When you’re talking about experimental films, you’re talking video art, which is usually code for "boring to everybody except the filmmaker." Experimental films thrive on shots of running water and roads going by, private little ruminations on private images, usually long at 3 minutes. There’s Troy Rhoades’ Whitemud #1, 2, 3, scratchy bits of burnt-out blobs and glimpses of trees that looks like the film was exposed in a dirty ashtray rather than a camera. There’s Rick Gustavsen’s Mind the Gap, which says thrilling things about time by offering snippets of subway images and the High Level Bridge, then recycling the same footage, then recycling it again. And then on the good end there’s Eva Colmer’s Fly, which uses some scratch-animation, simple camera tricks and funky music to liven up its 3-minute little-girl dream of flying.

We also have two eulogy films: Bill Hornecker’s My Grandfather, My Father, and My Son, and Alex Vizmeg’s My Brother Joe. Hornecker gives tribute to his deceased father with loving shots of Alberta prairie and the piece of land his family’s owned for generations, while Vizmeg honors his late brother Joe with old black-n-white footage of bearded, goofy Joe playing with clapboards and wearing a caribou costume.

There’s also a couple of 9—11 tributes, Helen Folkmann’s ...when it’s real and Jeremy Rittwage’s T is for Terror. The press pack for ...when it’s real explains that it’s "taken from the I Ching, hexagram #64, Fire Over Water: the image of the condition before transition." That might explain all the footage of paper bags with candles inside floating down a river. T is for Terror, meanwhile, is a split-screen compilation of WTC money shots, over before you know it.

Hints of stories and subjects crop up in some of the films. Tim Folkmann’s Last Light depicts Steve Pirot freezing to death alone in the woods, while Slice delves into the dizzying world of cooking at a tree-planting camp.

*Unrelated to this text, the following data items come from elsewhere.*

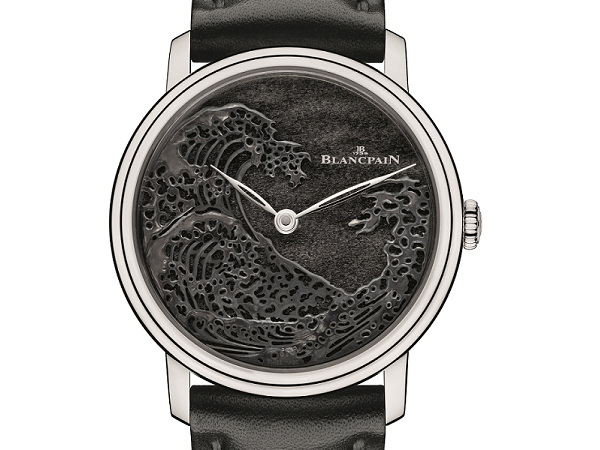 靈感來自葛飾北齋的神奈川巨浪, BLANCPAIN 「藝術大師」工作室首次採用新穎且貼切的墨西哥銀曜石,同時融入受人尊崇並為業界頂級獎項「日內瓦鐘錶大賞」肯定的BLANCPAIN獨有工藝——日本 Rokushō 綠灰溶液鈍化處理工序。
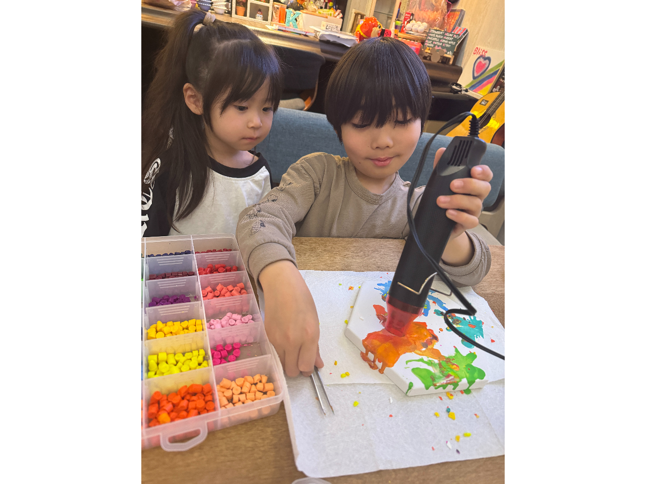クレヨンを削ったり、溶かしたり、風で飛ばしたりと多彩なアート技法に挑戦できます。
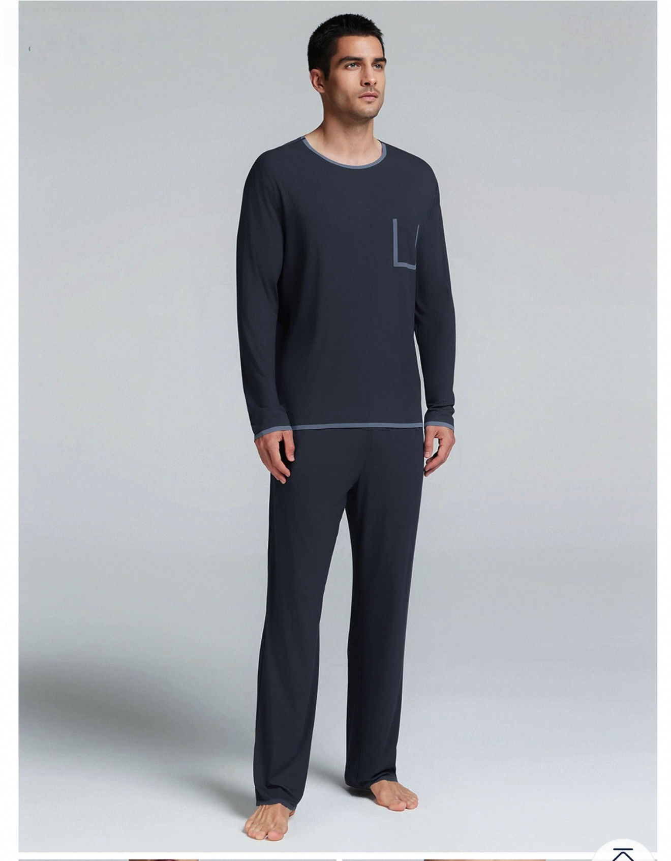 虽说是居家服,款式还挺板正,上衣当打底穿出门也不会很丑

For entertainment value, there’s Kelly Service’s Rolling, a neat little gag that gets in and out quickly without overstaying its welcome. Lindsay McIntyre’s Taking Flight shows us a woman recalling a childhood rape in old-looking, home-movie-style footage. Edmonton funnymen Wes Borg and Paul Mather present How to Buy a Computer, a flash-animated run of computer jokes that are funny. Mieko Ouchi’s Assembly is a one-shot monologue where shifting lighting plays across the creepy, craggy face of an old film editor/censor who talks mostly about cutting film and only a little about cutting women. And then there’s Dave Morgan’s Black Angus, the most successful piece, a silent-movie music video that takes singer Wendy McNeil up on the roof, playing squeezebox against an oddly exhilarating Edmonton skyline.

As a fun night out at the movies, FAVA’s Vision 20/20 isn’t going to blow anybody’s nuts off. But as proof there’s film in Edmonton – weird, offbeat experimental film shoulder-to-ass with regular storytelling – Vision 20/20 delivers the goods.